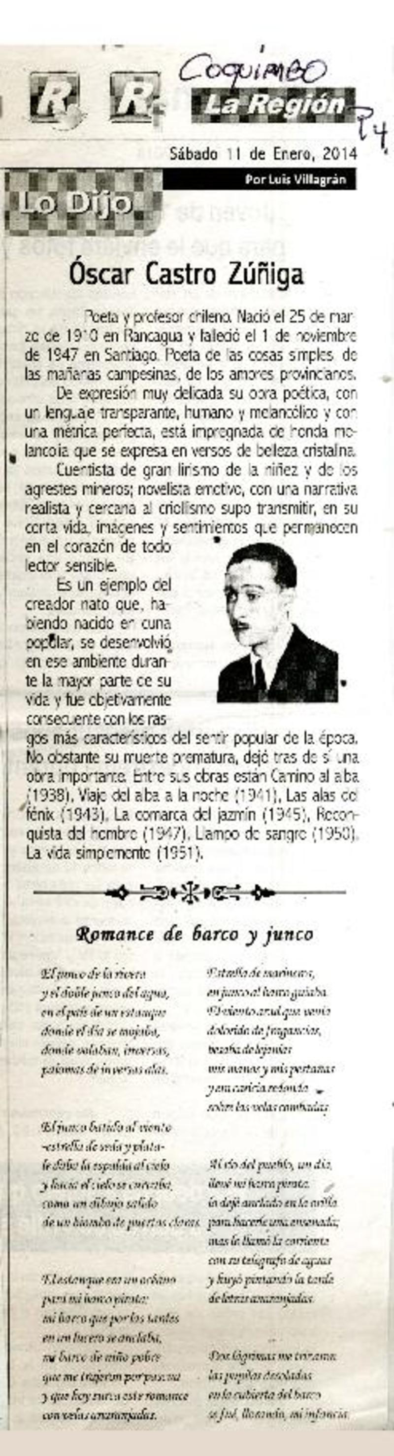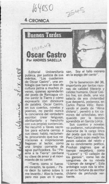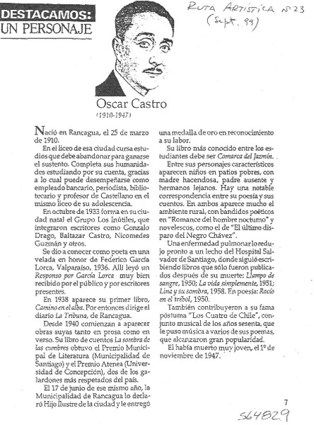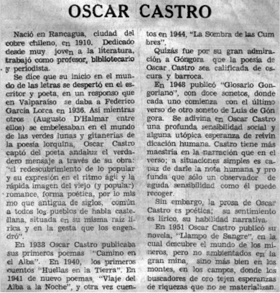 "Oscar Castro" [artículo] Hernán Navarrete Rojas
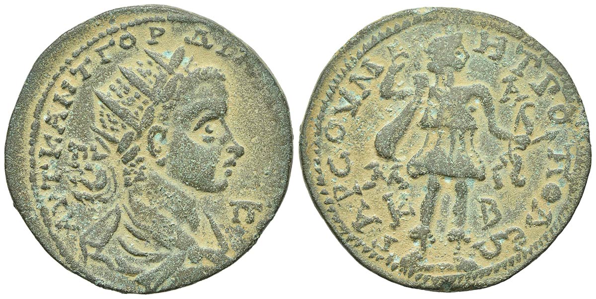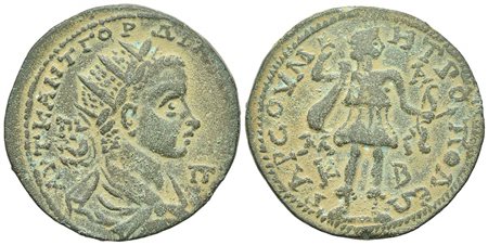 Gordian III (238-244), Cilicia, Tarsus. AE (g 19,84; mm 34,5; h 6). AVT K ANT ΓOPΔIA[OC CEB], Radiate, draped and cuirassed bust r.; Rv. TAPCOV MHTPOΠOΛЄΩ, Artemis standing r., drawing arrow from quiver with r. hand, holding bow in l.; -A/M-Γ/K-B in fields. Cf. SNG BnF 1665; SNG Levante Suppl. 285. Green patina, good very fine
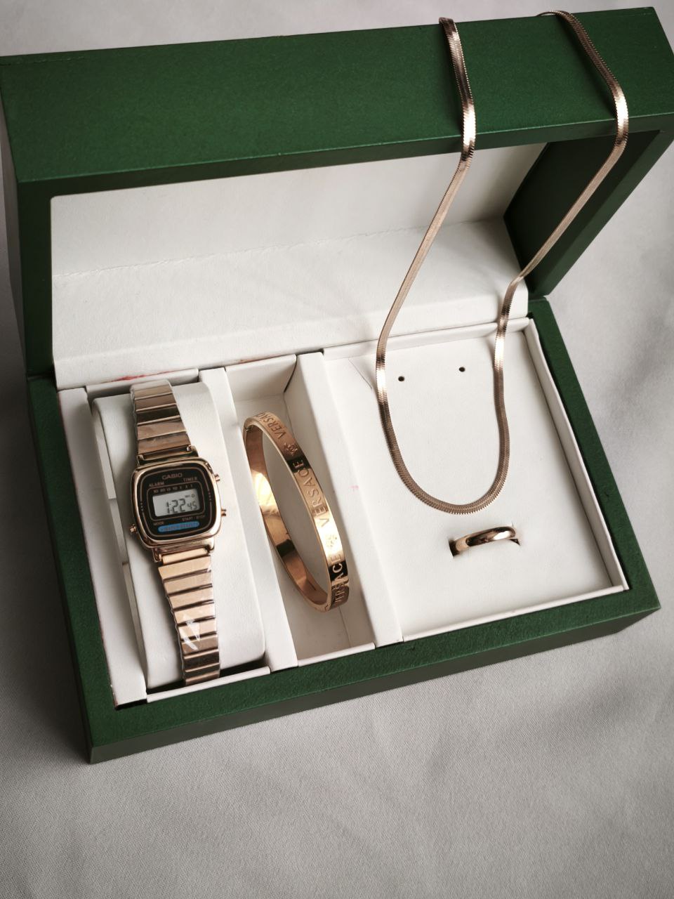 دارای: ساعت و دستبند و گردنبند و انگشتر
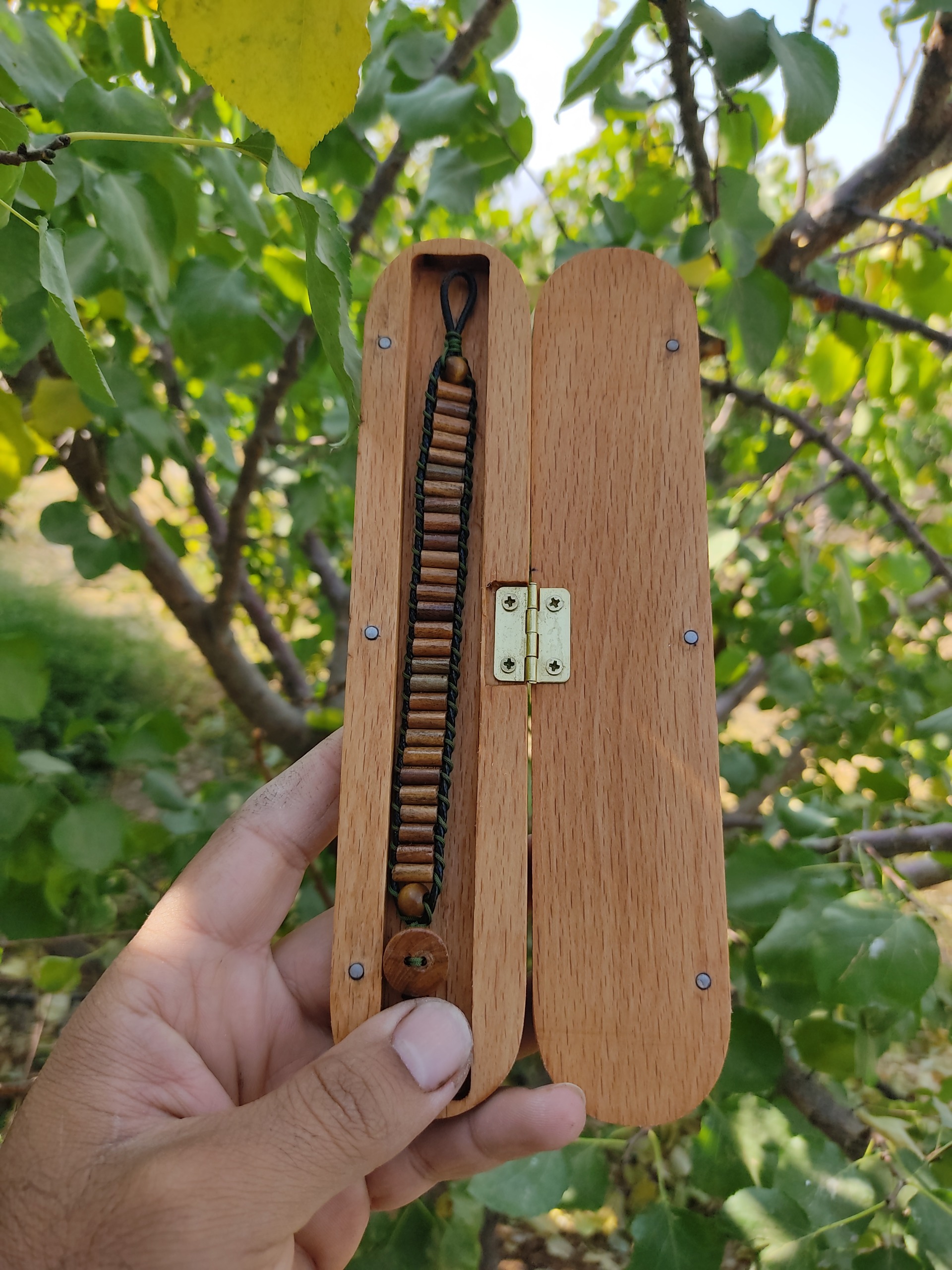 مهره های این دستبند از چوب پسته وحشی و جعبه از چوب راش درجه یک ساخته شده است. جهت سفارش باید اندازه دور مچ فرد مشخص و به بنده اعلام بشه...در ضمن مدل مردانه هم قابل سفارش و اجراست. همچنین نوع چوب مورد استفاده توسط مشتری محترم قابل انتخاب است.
====
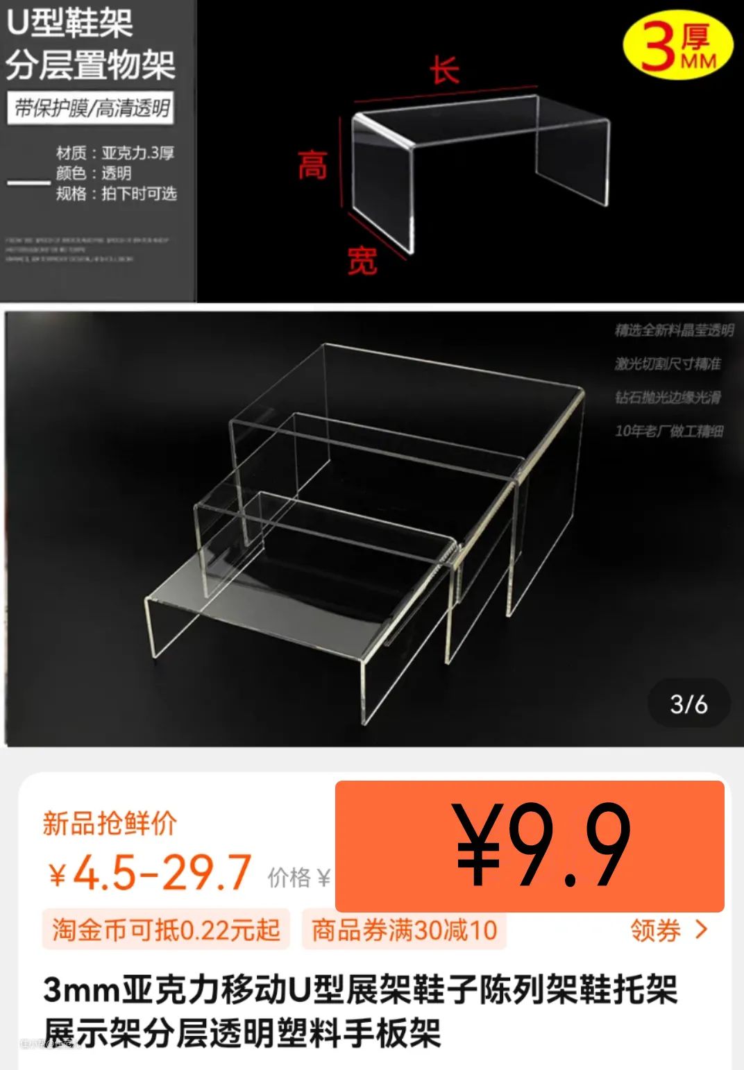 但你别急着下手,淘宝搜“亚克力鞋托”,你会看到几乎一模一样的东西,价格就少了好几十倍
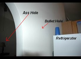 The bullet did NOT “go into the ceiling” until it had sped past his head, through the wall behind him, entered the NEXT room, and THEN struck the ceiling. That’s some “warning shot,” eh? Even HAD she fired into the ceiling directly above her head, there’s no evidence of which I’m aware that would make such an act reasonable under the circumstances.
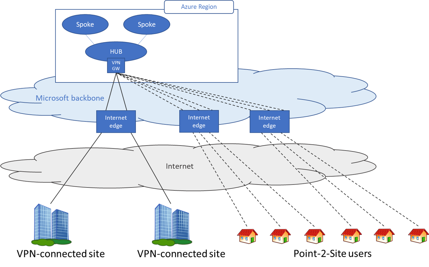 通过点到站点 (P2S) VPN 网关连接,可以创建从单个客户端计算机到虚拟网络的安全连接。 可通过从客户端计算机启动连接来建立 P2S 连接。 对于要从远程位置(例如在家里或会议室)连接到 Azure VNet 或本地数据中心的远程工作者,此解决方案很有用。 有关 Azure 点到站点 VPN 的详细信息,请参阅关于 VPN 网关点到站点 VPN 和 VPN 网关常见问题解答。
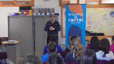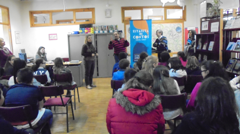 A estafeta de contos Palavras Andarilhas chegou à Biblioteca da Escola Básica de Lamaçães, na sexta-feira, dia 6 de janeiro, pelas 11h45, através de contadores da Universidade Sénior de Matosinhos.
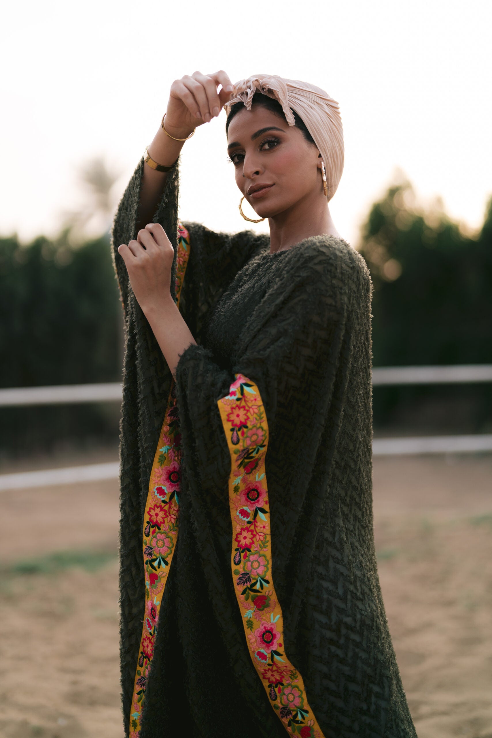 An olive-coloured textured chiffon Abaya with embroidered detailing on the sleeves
====
What to produce: Above are records; write out the lines from the one with "دارای: ساعت و دستبند و گردنبند و انگشتر" down to the one with "مهره های این", exactly, leaving the pictures out.

Exercise output:
 دارای: ساعت و دستبند و گردنبند و انگشتر
 مهره های این دستبند از چوب پسته وحشی و جعبه از چوب راش درجه یک ساخته شده است. جهت سفارش باید اندازه دور مچ فرد مشخص و به بنده اعلام بشه...در ضمن مدل مردانه هم قابل سفارش و اجراست. همچنین نوع چوب مورد استفاده توسط مشتری محترم قابل انتخاب است.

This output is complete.